We’re finally ready to fit. For this we’ll use scipy.optimize.minimize. The posterior is high-dimensional and unlikely to be smooth. We’ve found using the BFGS and Powell methods sequentially to be reasonably efficient:

p_fit = minimize(lambda x: -logpost(x), p0, method='BFGS').x
p_fit = minimize(lambda x: -logpost(x), p_fit, method='powell',
                 options={'ftol':0.01}).x

Giving us:

_images/fit_ex_map_fit.png _images/fit_ex_lc_fit.png

There is a convenience function for doing that uses a callback function to show how the fit progresses. It can be used in a Jupyter notebook in the following way:

import exocartographer.visualize as ev
ev.inline_ipynb()

p_fit = ev.maximize(logpost, p0,
                    epoch_starts=epoch_starts,
                    epoch_duration=epoch_duration)

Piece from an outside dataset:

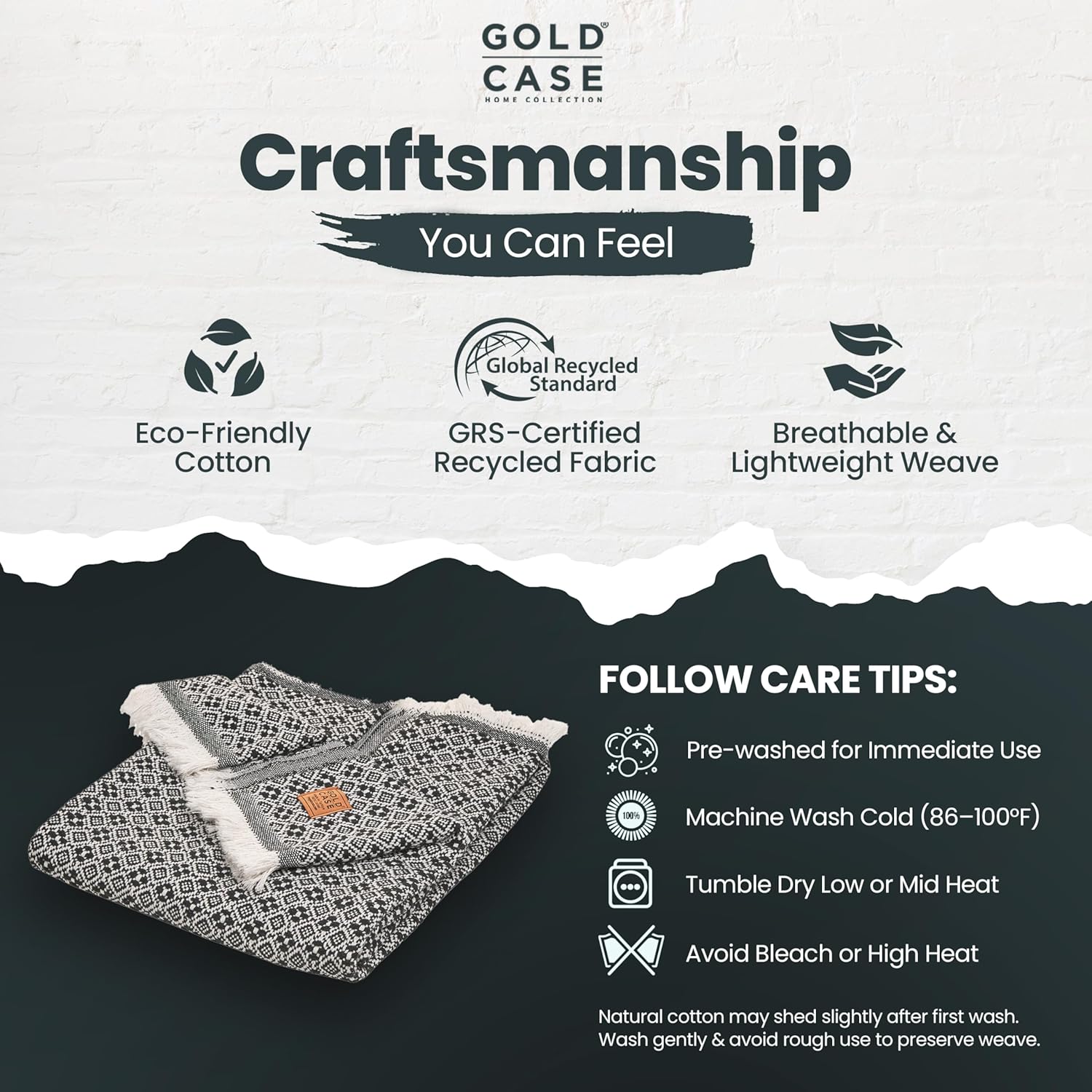 Gold Case Throw Blanket for Couch – 100% Recycled Turkish Cotton Blankets & Throws – Elegant Decorative Throw Blankets for Living Room Sofa – Woven Throws for Couch – Retro Black – 50x60
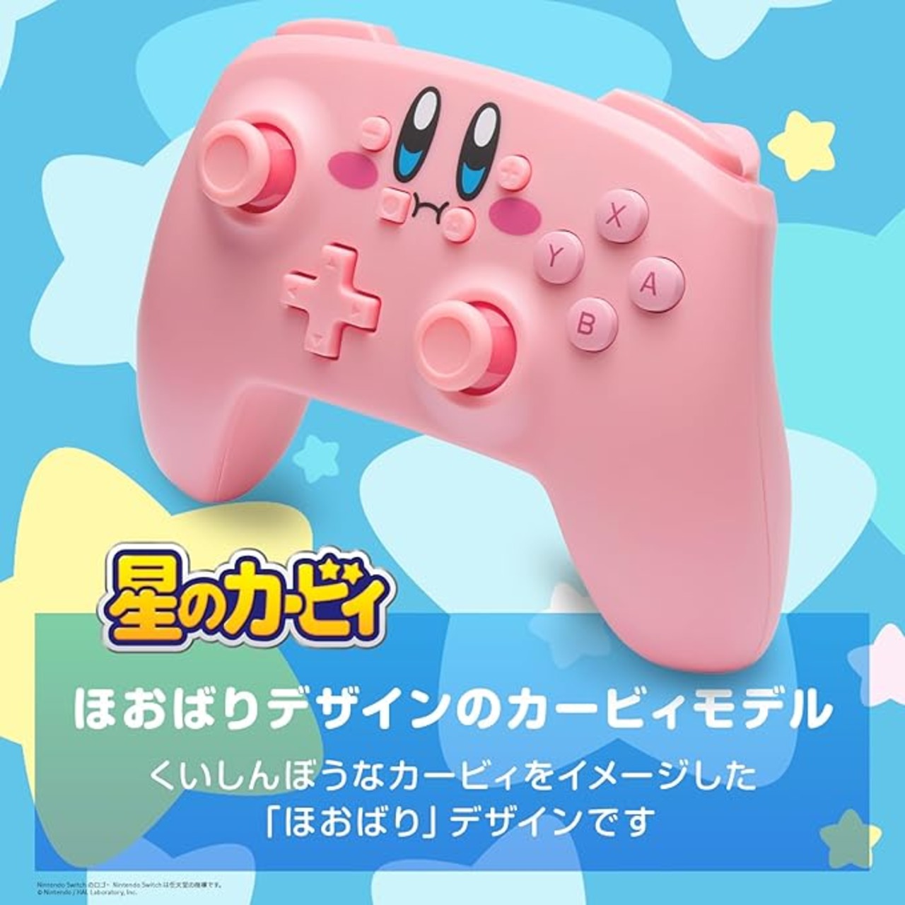 カービィみたいなコントローラー!?:くいしんぼうなカービィをイメージした「ほおばり」デザイン。まるでカービィがコントローラーそのものになったかのように見える可愛らしい仕上がり

Due to the complexity of the problem this is almost certainly not the global maximum, and for that reason we have avoided calling this a “best” fit. This is merely meant to serve as an illustrative example for building and evaluating a posterior function, to help you work toward more robust optimization, or better yet uncertainty quantification!